On Tue, May 22, 2018 at 10:26:30AM +0200, Gerhard Roth wrote:
> Hi,
>
> a snmpwalk of HOST-RESOURCES-MIB::hrSWRunTable doesn't scale very well
> with an increasing number of running processes.
>
> For every process and each of the 7 elements of the table, mib_hrswrun()
> would call kinfo_proc() which queried all the processes running on the
> system and sort them by pid.
>
> The patch below keeps the results cached and updates the list of processes
> at maximum once every 5 seconds.
>
> Gerhard
>
Agreed, two minor nits inline
>
> Index: usr.sbin/snmpd/mib.c
> ===================================================================
> RCS file: /cvs/src/usr.sbin/snmpd/mib.c,v
> retrieving revision 1.86
> diff -u -p -u -p -r1.86 mib.c
> --- usr.sbin/snmpd/mib.c 9 May 2018 13:56:46 -0000 1.86
> +++ usr.sbin/snmpd/mib.c 22 May 2018 08:17:16 -0000
> @@ -861,11 +861,18 @@ int
> kinfo_proc(u_int32_t idx, struct kinfo_proc **kinfo)
> {
> static struct kinfo_proc *kp = NULL;
> - static size_t nkp = 0;
> + static struct kinfo_proc **klist = NULL;
> + static size_t nkp = 0, nklist = 0;
> + static time_t tinfo = 0;
> int mib[] = { CTL_KERN, KERN_PROC,
> KERN_PROC_ALL, 0, sizeof(*kp), 0 };
> - struct kinfo_proc **klist;
> + struct kinfo_proc **knew;
> size_t size, count, i;
> + time_t now;
> +
> + (void)time(&now);
I think using clock_gettime(CLOCK_MONOTONIC, ...) would be prefered here.
Just in case the clock jumps after snmpd was started.
> + if (now - tinfo < 5 && kp != NULL && klist != NULL)
> + goto cached;
>
> for (;;) {
> size = nkp * sizeof(*kp);
> @@ -892,23 +899,26 @@ kinfo_proc(u_int32_t idx, struct kinfo_p
> }
> nkp = count;
> }
> + tinfo = now;
>
> - klist = calloc(count, sizeof(*klist));
> - if (klist == NULL)
> + knew = recallocarray(klist, nklist, count, sizeof(*klist));
> + if (knew == NULL)
> return (-1);
> + klist = knew;
> + nklist = count;
>
> - for (i = 0; i < count; i++)
> + for (i = 0; i < nklist; i++)
> klist[i] = &kp[i];
> - qsort(klist, count, sizeof(*klist), kinfo_proc_comp);
> + qsort(klist, nklist, sizeof(*klist), kinfo_proc_comp);
>
> +cached:
> *kinfo = NULL;
> - for (i = 0; i < count; i++) {
> + for (i = 0; i < nklist; i++) {
> if (klist[i]->p_pid >= (int32_t)idx) {
> *kinfo = klist[i];
> break;
> }
> }
> - free(klist);
IIRC snmpd is also doing a big cleanup round on exit like some other
daemons, this will result in a "leak" there.
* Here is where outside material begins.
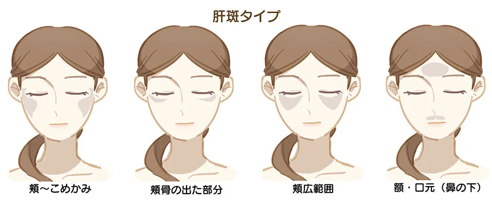 しかし30代~40代に多く見られるのは肝斑と呼ばれる薄茶色の色素沈着で、髪の生え際や目の下、頬や口元など左右同じ位置にできるのが特徴。

IMO this is fine. Just wanted
to point out. I think a cleaner approach would be to run a timer, that
frees klist after 5 seconds and the lookup code would then just skip the
fetching if the pointer is != NULL. Also has the benefit that large
process tables are not cached for a long time if there are no requests
anymore.
> return (0);
> }
>
--
:wq Claudio